A Small Computing Cluster on Board

In my previous post, I mentioned a newly developed GPU-based parallel Gibbs sampling algorithm for inference of LDA. Of course, as you know, there are many other GPU-based parallel algorithms that can solve many interesting applications efficiently using NVidia’s CUDA programming framework.
More over, by Googling “CUDA MapReduce”, you will find MapReduce implementations based on CUDA and GPU, developed by researchers at UC Berkeley, U Texas, Hong Kong Univ. of Sci.&Tech, and etc.
About the supporting hardware, I recently noticed NVidia’s Tesla processor board, which contains a 240-core Tesla 10 GPU and 4GB on-board memory. This card can be installed on workstations like Dell Precision T7500. At the time when this essay is written, the price of such a system is about RMB 43,000.
Last but not least, there are significant differences between GPU-clusters and relatively traditionally computer-clusters. Few listed here:
  1. There is no mature load-balancing mechanism on GPU-clusters. Currently, GPU-based parallel computing is in the early stage of CPU-based parallel computing, which I mean, no automatic balancing over processors used by a task, and no scheduling and balancing over tasks. This prevents multiple projects from sharing a GPU-cluster.
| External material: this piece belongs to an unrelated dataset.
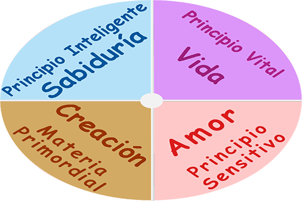 La imagen que sigue muestra cómo es la interacción de los Principios fundamentales de Dios: Desde su Vitalidad como Espíritu Puro, da lugar a la Creación, y ésta evoluciona por la intervención de sus Valores de Sabiduría del Amor.
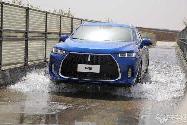图:对于一个SUV来说,这种简单的涉水并没有什么难度,由于P8的电池设计并不在底盘下面而是在后部,所以车辆整体保证了行进高度。WEYP8最大涉水深度为500mm,重要的是高压系统零部件满足IP67的防水等级,确保高压系统涉水安全。180mm的离地间隙只要稳住油门按慢走水的节奏推进,此项测试便没有任何难度。

  2. GPU-cluster is based on shared-memory architecture, so it is suitable only for the class of computing-intensive but data-sparse tasks. I do not see more than a few problems in real world that fit in this class.
But anyway, it is not smart to compare GPU-based parallel computing directly with multi-core CPU based solutions, because the latter can be naturally incorporated into multi-computer parallel computing and achieve naturally much higher scalability.